By PAVEL BAILEY
Tribune Staff Reporter
pbailey@tribunemedia.net
A JUDGE told the lawyer representing the officers who killed Azario Major that he was doing his clients a “disservice” by insisting the inquest finding should be quashed because the coroner did not consider his constitutional motion claiming that pretrial publicity prevented a fair inquiry.
Supreme Court Justice Franklyn Williams told the lawyer, Keevon Maynard, there was no precedent for his appeal of the Coroner’s Court inquiry.
A jury returned a homicide by manslaughter ruling in May after four officers killed Major in 2021.
At the start of the inquest, Mr Maynard filed a constitutional motion to stop the inquiry because of the pretrial publicity. Yesterday, he argued that Acting Coroner Kara Turnquest-Deveaux had no right to refuse that constitutional motion. He said the coroner should have been compelled to refer the matter to the Supreme Court.
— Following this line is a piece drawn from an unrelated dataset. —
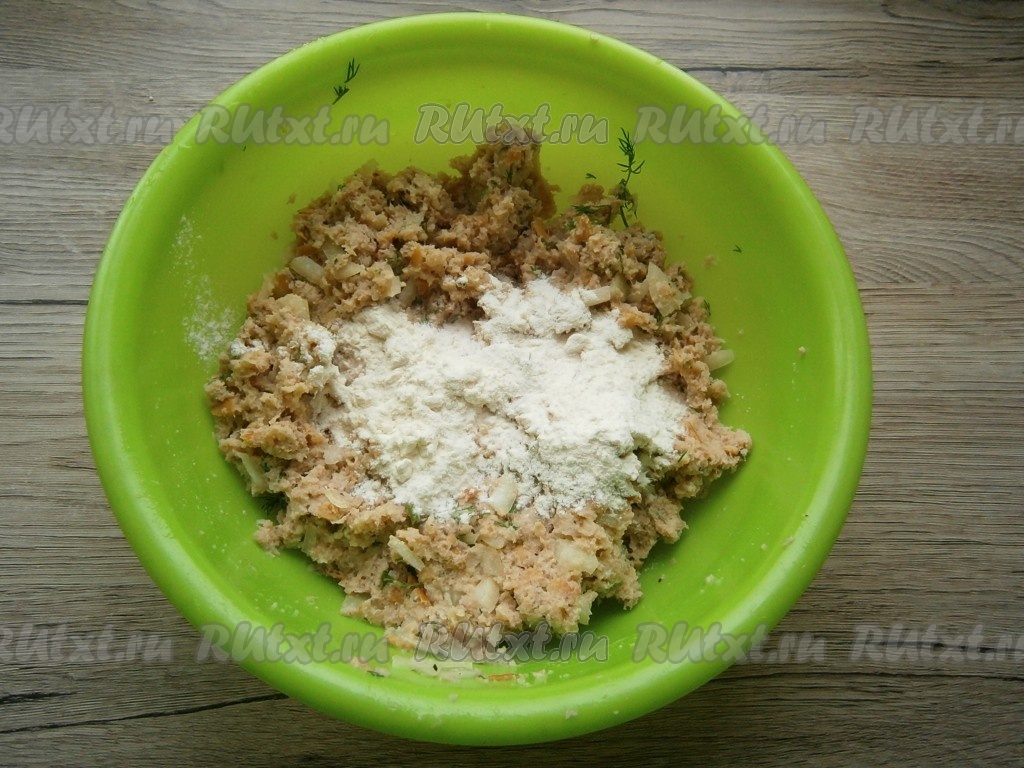 Фарш тщательно перемешать, всыпать немного муки, снова перемешать.

“I believe that you are doing your clients a disservice,” the judge told him. “Now, having said that, Mr Maynard, press on if you will.”
Justice Williams said the acting coroner was within her right not to refer his initial constitutional motion to the Supreme Court because the inquest was under way.
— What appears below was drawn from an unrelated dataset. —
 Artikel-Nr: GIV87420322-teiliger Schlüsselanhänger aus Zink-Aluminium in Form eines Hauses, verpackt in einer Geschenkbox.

“This is not a matter for mandamus,” Justice Williams said, referring to an order for a lower court to do something. “The horse has opened the gate on your case. Because what you were trying to do, which I think the coroner was quite correct in not referring your matter, what you were doing was pre-emptive. You were attempting a pre-emptive strike on what you believe to be the likely outcome of that inquest.
“Now, I’m not saying that the outcome was correct. I’m just saying what you were doing, and as far as this court is concerned, you could not do that because it was an inquiry. It was not a trial. And it could be inferred because it was an inquiry, it could not be presumed that there was any unfairness to your clients.
“There was no verdict. There was no evidence either of someone stating or indicating that the jurors had come to a decision or that any directions that the coroner was giving were prejudicial or unfair. Under these circumstances, you could raise the issue, but there was no evidence of that. It was an inquiry which had not heard all of the evidence being marshalled.
“And you come to this court, and you are asking for mandamus but clearly, and I don’t say this to impugn you, but clearly you don’t understand what mandamus is for. And you do not understand the role of this court in the circumstances. I’ve asked you for authority for what you’ve purported, you’ve not given any. You’re asking to set a precedent. The courts can’t do that. The court does not make law.”
Patrick Sweeting, who marshalled evidence in the inquest, represented the Office of the Director of Public Prosecutions yesterday. He moved to have Mr Maynard’s application dismissed.
A decision on the motion is expected on October 30.
If the judge rules against the officers, Director of Public Prosecutions Cordell Frazier is expected to consider whether to charge the officers.